Скорняков поморщился, потер подбородок. Поехали-полетели… Конечно же, сегодня, когда наука и техника так мощно врезаются в жизнь общества, формируется новый человек… Он не знает войны, не ощущал голода, не скорбел по потерям близких. Он живет в материальном и нравственном комфорте, имеет возможность много читать, видеть, ездить, слушать; он знает гораздо больше, чем его предшественники. Технически подготовлен. Интересно, счастливее ли он, чем его предки, тех, кто жил двадцать, тридцать, пятьдесят лет назад? Ощущает ли он счастье вообще? А что, если он возьмет с собой в новое столетие те пороки, которые были до него и при нем? Нет, нет! Этого нельзя допустить! А как уберечь его от этого? Как, если молодые видят эти пороки, видят разрастающуюся, словно бурьян на пустыре, показуху, которая разлагает людей и мешает нашему великому делу — строительству нового общества, воспитанию нового человека…
— Мне представляется, Петр Самойлович, — Скорняков испытующе посмотрел на возбужденного Лисицына, — что вы несколько увлечены неограниченными возможностями науки. Позвольте один прозаический вопрос: почему вы кричите на людей? Сегодня в моем присутствии нагрубили оперативному дежурному полковнику Прилепскому. Он высказал дельную мысль, вы его оборвали. Несколько дней назад накричали на начальника АСУ. Что это за несдержанность? Вы — человек волевой, умейте держать себя в руках.
— Привык, знаете ли. В прошлом покрикивать приходилось частенько. Может, иногда и зря голос повышаю, но без этого не могу.
— А почему вы на начальников не кричите? На меня, например. Вас ведь иногда незаслуженно обижают, но вы молчите. Значит, можете? Давайте условимся — повышать голос с моего разрешения, я — с вашего. Договорились? Вот и отлично!
11
2 часа 53 минуты 32 секунды. Время московское.
Петр Самойлович вышел, и Скорняков, удобно расположившись в кресле, вспомнил молодого Лисицына — командира соседней части. Энергии у него было — хоть отбавляй; он успевал все. Мотался по подразделениям, организовывал взаимодействие между ракетчиками и летчиками, тормошил локаторщиков; усталый и запыленный, едва волоча ноги, возвращался домой затемно, наспех ужинал и садился за учебники — в то время он, инженер по образованию, готовился к поступлению в командную академию. На семью времени не оставалось. Любовь к детям сводилась к поцелуям да подаркам. Задаривал сына игрушками — и избаловал: помочь убрать квартиру — не хочу, сходить в магазин — нет времени.

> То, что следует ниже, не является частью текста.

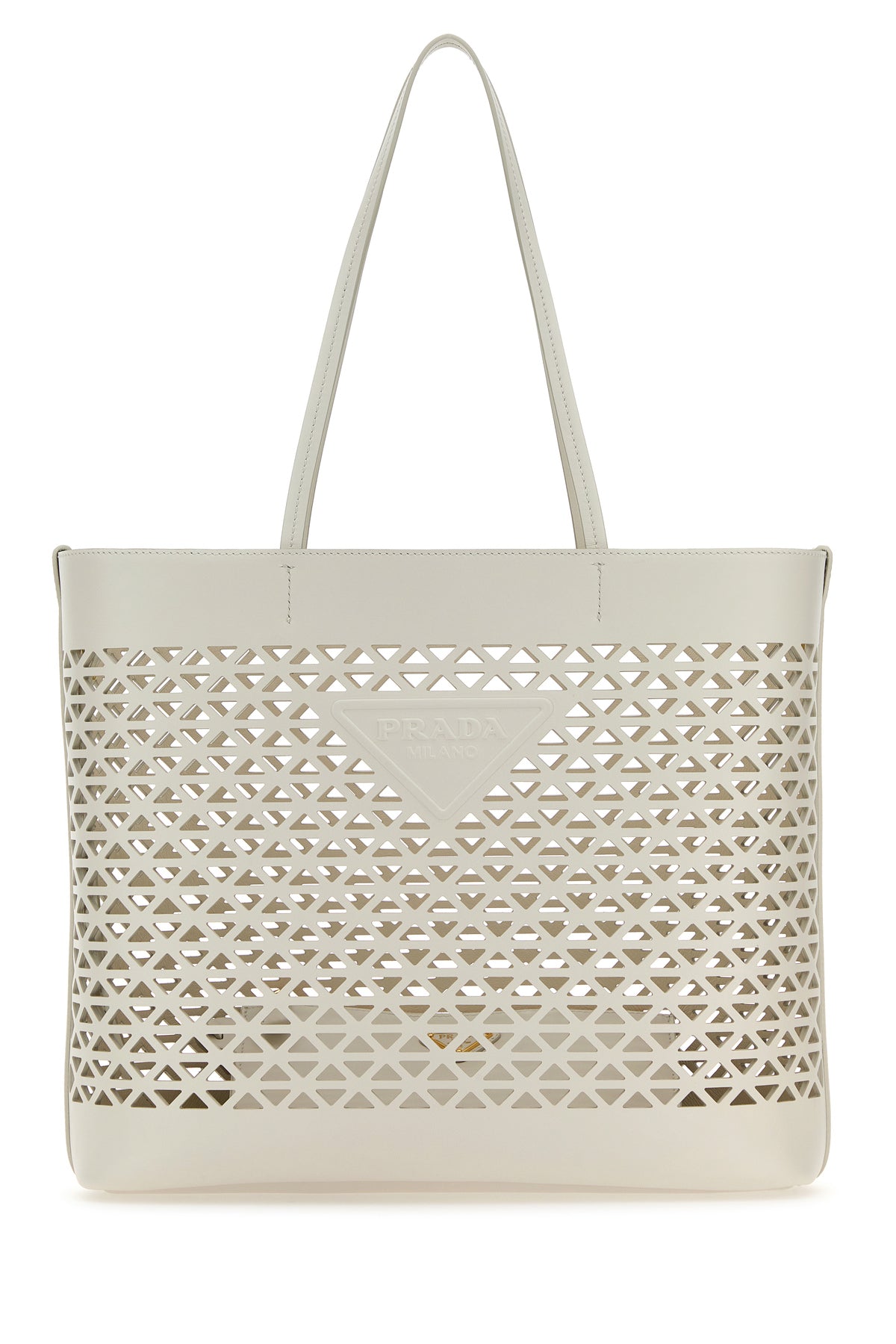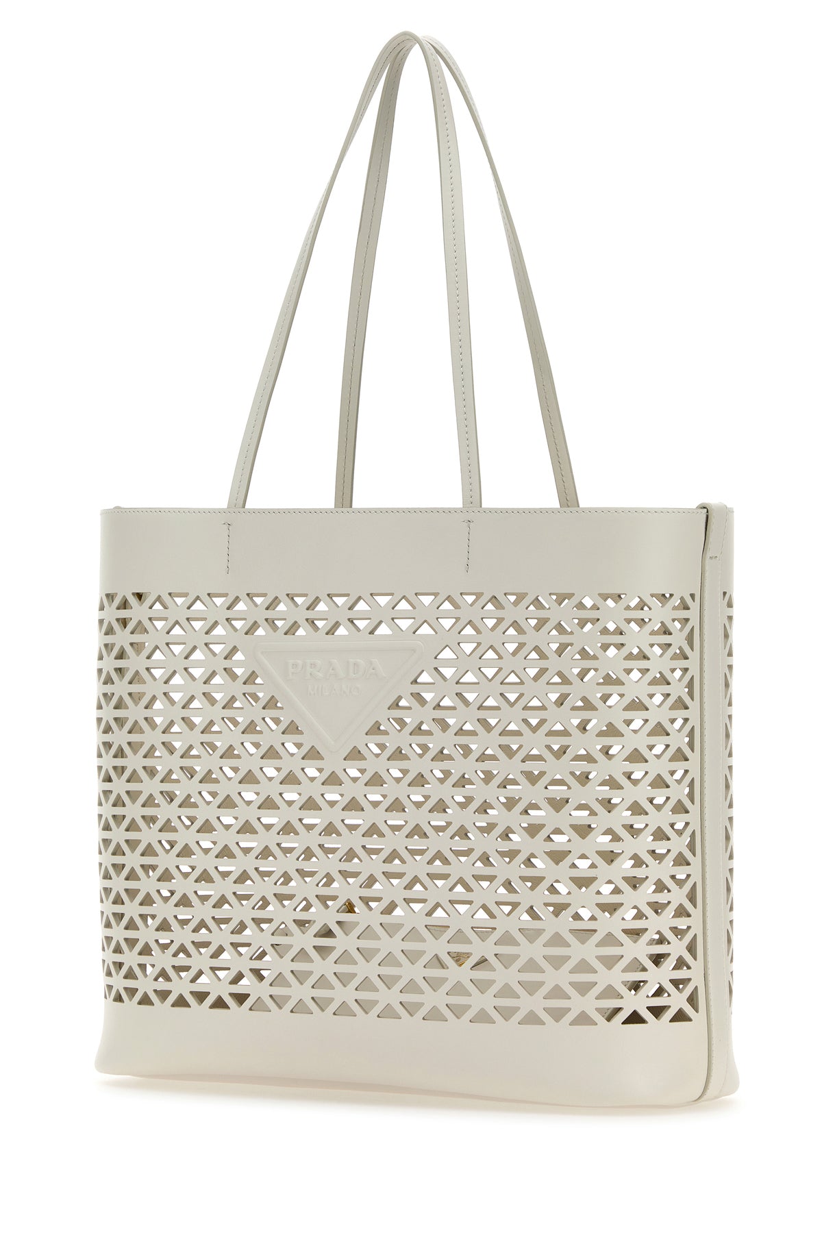 Shopping bag realized in leather characterized by peculiar cut-out details on the entire surface and tonal logo in relief at the front.

После окончания академии Лисицын пошел вверх. Да, в те годы он был на взлете: на каждом совещании его отмечали как лучшего командира.

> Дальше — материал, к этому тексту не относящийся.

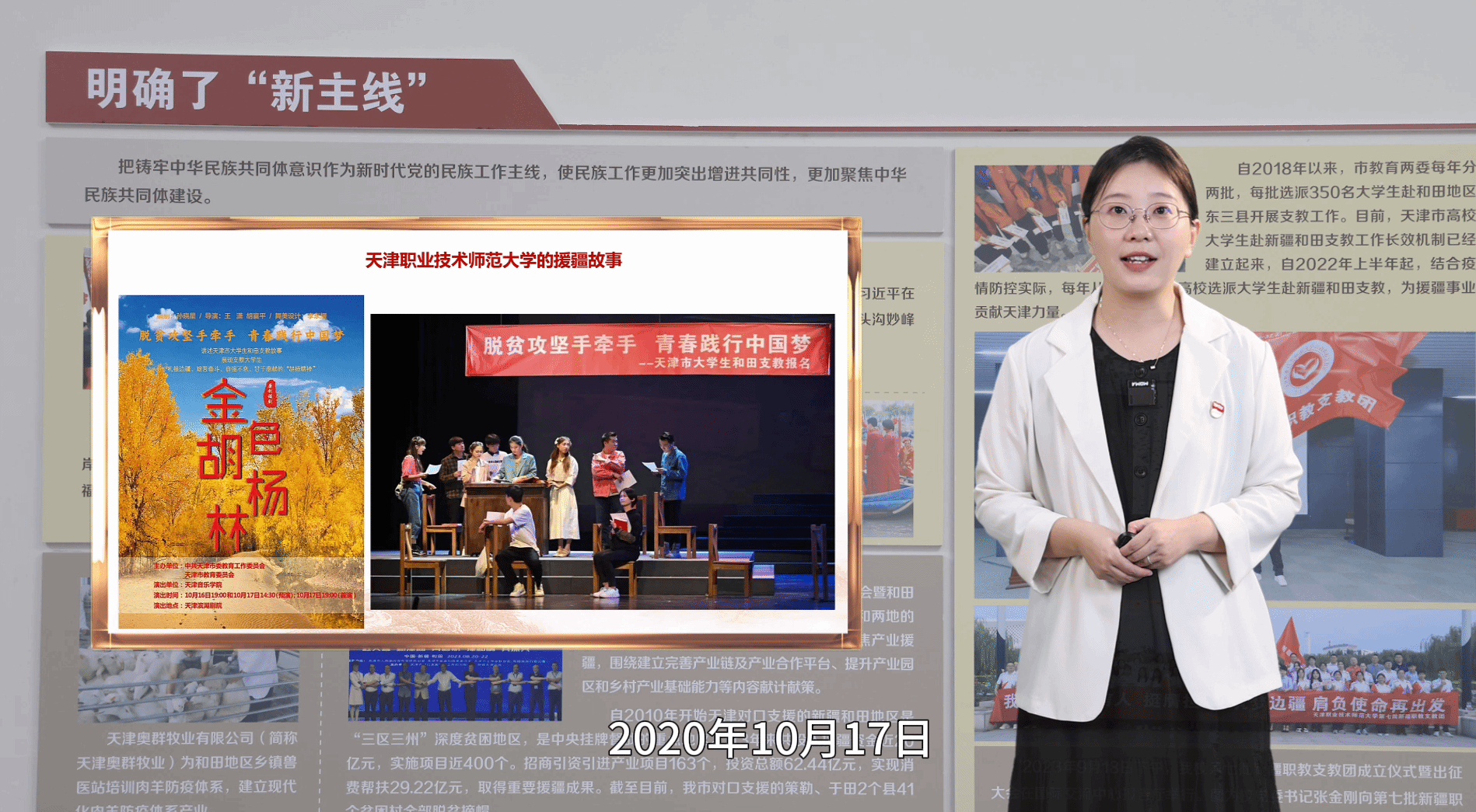我校此次推荐的微党课《脱贫攻坚 画出中华民族同心圆》以习近平总书记关于脱贫攻坚和铸牢中华民族共同体意识重要论述为指导,立足脱贫攻坚伟大实践,从党旗领航、携手跨越、文化互鉴、情感交融四个维度,深刻阐释脱贫攻坚对铸牢中华民族共同体意识的重大意义。党课创新地将课堂搬进“天津市铸牢中华民族共同体意识教育实践思政课重点实验室”,充分利用场馆内的立体“活教材”,打造沉浸式学习场景。讲授中,以小切口讲授大道理,既展现独龙族整族脱贫、悬崖村蝶变等图景,更融入天津杨柳青年画与新疆桑皮纸的文化交融、天津职业技术师范大学师生接力援疆支教等身边故事,让各民族像石榴籽一样紧紧抱在一起的深刻道理可感可触,从而教育引导学生深刻理解休戚与共、荣辱与共、生死与共、命运与共的共同体理念,积极投身中华民族共同体建设,为实现中华民族伟大复兴汇聚青春力量。

Все вроде бы шло хорошо, да вдруг беда — у жены, Анны Тимофеевны, врачи обнаружили рак. Год промучилась — умерла. Осталось у Петра Самойловича двое детей. Трудно ему было, очень трудно. Работы невпроворот, и ребят одних не оставишь. Хоть разорвись…

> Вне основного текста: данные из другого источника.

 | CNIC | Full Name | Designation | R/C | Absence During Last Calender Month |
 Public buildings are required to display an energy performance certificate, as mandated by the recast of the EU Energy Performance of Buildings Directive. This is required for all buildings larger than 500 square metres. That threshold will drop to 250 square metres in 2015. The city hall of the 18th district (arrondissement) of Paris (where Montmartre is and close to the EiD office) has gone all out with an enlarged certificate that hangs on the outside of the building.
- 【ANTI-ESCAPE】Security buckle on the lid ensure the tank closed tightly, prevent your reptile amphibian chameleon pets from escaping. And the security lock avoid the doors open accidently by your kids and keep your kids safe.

Спустя полтора года после смерти жены Лисицын встретил красивую молодую женщину — Веру Сергеевну, увлекся ею. Виделись часто, полюбили друг друга. Но опять незадача — сын не принял ее. Как ни старался убедить Игоря, ничего не получилось. Десятилетку парень окончил кое-как, стал нервный, грубый, чуть что — убегал из дому. Конечно, каково было молодой женщине все это терпеть? Уж как ни обращалась она с Игорем: и лаской, и увещеваниями, и просьбами. А все равно — мачеха! С дочерью, Наташей, подружилась, а с Игорем — ни в какую. Так и длилась глухая вражда, пока Игоря не призвали в армию. Определили его в училище, все вроде бы улеглось, и опять закрутила Лисицына служба. Москва заприметила, особенно после пусков на полигоне, когда два года подряд полки «пятерки» да «четверки» привозили.